Priming by strings of three hexamers has been tested at more than 2000 sites in M13 single-stranded DNAs of 6.4 kb or 7.3 kb, and at more than 1000 sites in T7 DNA, a double stranded DNA of 40 kbp, in radioactively labeled sequencing reactions. More than half of the 4096 possible hexamers have been sampled, and it appears that almost all hexamers will be able to participate effectively in these priming reactions, although hexamers containing only A and T seem to be less effective at an outside position than internally in a priming string. Priming is prevented within template hairpin structures that are too stable to be disrupted by SSB, but such structures are expected to be recognizable and infrequent. Outside of such hairpins, about three-fourths of the hexamer strings tested on M13 DNA and more than half of those tested on T7 DNA primed easily readable sequence. The ability to select hexamer strings that prime effectively should improve as the factors that affect priming are defined and controlled.
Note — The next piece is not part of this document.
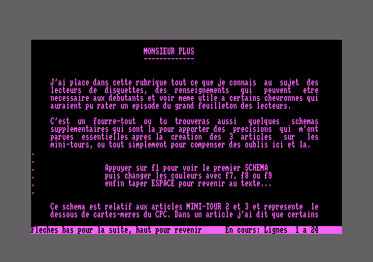 CPCrulez[Content Management System] v8.732-desktop/c Page créée en 254 millisecondes et consultée 1315 foisL'Amstrad CPC est une machine 8 bits à base d'un Z80 à 4MHz. Le premier de la gamme fut le CPC 464 en 1984, équipé d'un lecteur de cassettes intégré il se plaçait en concurrent du Commodore C64 beaucoup plus compliqué à utiliser et plus cher. Ce fut un réel succès et sorti cette même années le CPC 664 équipé d'un lecteur de disquettes trois pouces intégré. Sa vie fut de courte durée puisqu'en 1985 il fut remplacé par le CPC 6128 qui était plus compact, plus soigné et surtout qui avait 128Ko de RAM au lieu de 64Ko. |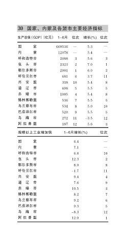 30 国家、内蒙及各盟市主要经济指标

Instant access to primers at negligible cost opens the prospect of being able to sequence by primer walking on multiple templates as fast as sequencing reactions can be assembled. Taking full advantage of such capacity requires a matching capacity to read the sequence from the products of the sequencing reactions. The four-color fluorescent terminators supplied by ABI allow rapid, automated readout of the sequence, and we find that priming by strings of three hexamers can be as effective as priming by long primers in generating sequence information with these terminators. This poster will present results of fluorescent sequencing with an ABI Sequencer, where reactions were primed with strings of three hexamers at many different sites in M13 templates. Progress toward developing a multiple capillary electrophoresis system using a replaceable matrix and full spectral detection, and in developing vectors for supplying 40-kbp templates in quantities suitable for primer walking, will be presented in accompanying posters. The ultimate goal is to develop a fully automated system for high-throughput DNA sequencing that uses primers supplied from a hexamer library for primer walking on multiple templates in parallel.

[1] Kieleczawa, J., Dunn, J. J., and Studier, F. W. (1992) DNA sequencing by primer walking with strings of contiguous hexamers. Science, 258, 1787-1791.